HPCL 'Key' Pick, Emkay Says, As Analysts See OMCs In 'Sweet Spot'
Strong margins, unchanged pump prices and soft crude make for a favourable setup, say Morgan Stanley and Emkay.

Oil marketing companies may be in a sweet spot despite Monday’s excise duty hike, with brokerages agreeing that strong margins and soft crude prices make this a favourable setup. Both Morgan Stanley and Emkay Global said the move strengthens earnings visibility for fuel retailers without denting demand, as pump prices remain unchanged.
Morgan Stanley described the excise duty hike and the latest increase in cooking gas prices as bullish for oil marketing companies, which it said are among the best-positioned globally in a well-supplied oil market. Emkay said OMCs are in a “sweet spot,” with current marketing margins running well above historical norms.

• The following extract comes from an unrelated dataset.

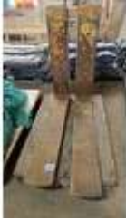
364. Two heavy duty forklift tines

The government raised excise duty on petrol and diesel by Rs 2 per litre each, as per a gazette notification issued Monday. The hike came into effect from Tuesday. Despite the increase, the Ministry of Petroleum and Natural Gas said retail fuel prices will remain unchanged. “Public sector oil marketing companies have informed us that there will be no increase in retail prices of petrol and diesel, subsequent to the increase effected in excise duty rates today,” the ministry said in a post on social media platform X.
Morgan Stanley: HPCL 'Key' Pick
Morgan Stanley said India’s cooking gas price hike and excise duty increase on petrol and diesel are positive for OMCs, which are among the best positioned globally in a well-supplied oil market. The brokerage said the move helps maintain retail price stability while easing the burden of past under-recoveries. It retains an ‘overweight’ rating on Hindustan Petroleum Corp. Ltd., calling it a 'key' pick.
Emkay: Excise Hike A Win For OMCs
Emkay said that with Brent crude trading around $65 per barrel, OMCs are comfortably absorbing the excise hike. It estimates current blended gross marketing margins at Rs 15–17 per litre — significantly above the normative Rs 4–5 per litre — translating into over Rs 1 trillion in over-recoveries for the fiscal year ending March 2026. This would more than offset projected LPG under-recoveries of under Rs 400 billion, the brokerage added.
Emkay reiterated a ‘buy’ rating on Hindustan Petroleum Corp. Ltd., Bharat Petroleum Corp. Ltd. and Indian Oil Corp. Ltd., with target prices of Rs 450, Rs 375 and Rs 160 apiece, respectively. It also prefers the stocks in the mentioned order.
The brokerage said marketing margin comfort could extend up to Brent levels of $75 per barrel, beyond which earnings could start seeing pressure. It also flagged potential upside for refining margins from lower official selling prices by Middle Eastern exporters and the improving economics of Russian crude.
On GAIL (India) Ltd., Emkay expects a residual tariff hike of 16–17% in the current quarter. However, it cautioned that the company’s petrochemicals and LPG businesses could face pressure from weaker crude prices.
For city gas distribution players, the brokerage said the move is positive, as compressed natural gas economics remain protected. Among listed CGDs, it prefers Mahanagar Gas Ltd. over Indraprastha Gas Ltd., citing stronger margin potential.